AttributeError: 'numpy.ndarray' object has no attribute 'sample'

Oh, that doesn't work. Let's wrap it in a pandas DataFrame, step by step:

In [22]:
publisher_places = df['publisher_place'].unique()

In [23]:
publisher_places

array([nan, 'Kierling', 'Kindberg', ..., 'Straßburg i./E.', 'Detmold',
       'Furth i. W.'], dtype=object)

In [25]:
pp = pd.DataFrame(publisher_places)

In [26]:
pp

Unnamed: 0,0
0,
1,Kierling
2,Kindberg
3,Kirchau
4,Wien
5,Kirchhain
6,München
7,Kitzbühel
8,Klagenfurt
9,Grein a/D.


Better. Now show me some randomly:

In [33]:
pp.sample(5)

Unnamed: 0,0
830,Friedberg
993,Kreisbach
743,Neustadt a. d. D.
70,Halberstadt
344,Kastelruth


### Sort Things

Just sort the sample, please:

In [34]:
pp.sample(10).sort_values(0)

Unnamed: 0,0
953,Arnsdorf
1293,Bad Neuhaus
309,Bad Pyrmont
545,Bellegarde
1300,Frakfurt a. Oder
301,Ischl
3,Kirchau
984,Mönichkirchen
744,Ramsau
391,Roustchouk


Why the '0' in `sort_values(0)`? That's the name of the column to sort by.

Sort the whole thing:

In [35]:
pp.sort_values(0)

Unnamed: 0,0
1053,Békéscsaba
1102,Łuck
359,#
1268,A B.
1044,A.
1194,Aachen
434,Abbazia
1083,Abbazia-Lovrana
291,Absam b.
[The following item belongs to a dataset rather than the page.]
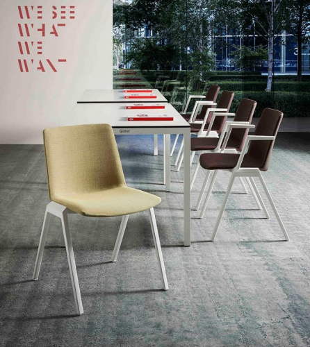 Стулья и кресла Jubel доступны в широкой привлекательной цветовой гамме обивок корпуса. Уникальная форма спинки и четкие линии дизайна выделяют Jubel своим комфортом, позволяя ему стать звездой гостиничного или офисного оборудования.
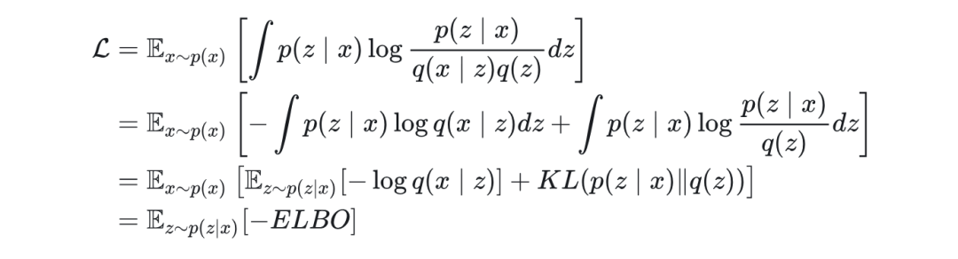 我们先看原有的 ELBO ,这里p和q互换以与图示对应,q代表encoder,p代表decoder;

Innsbruck
997,Abtenau


It seems like there's something weird going on with 'Békéscsaba', it doesn't sort right. What is wrong?

Let's extract the datum:

In [30]:
pp.iloc[1053]

0     Békéscsaba 
Name: 1053, dtype: object

More specifically the column '0':

In [32]:
pp.iloc[1053][0]

' Békéscsaba '

Seems there's a space in front of the 'B'. That's why it sorts wrong.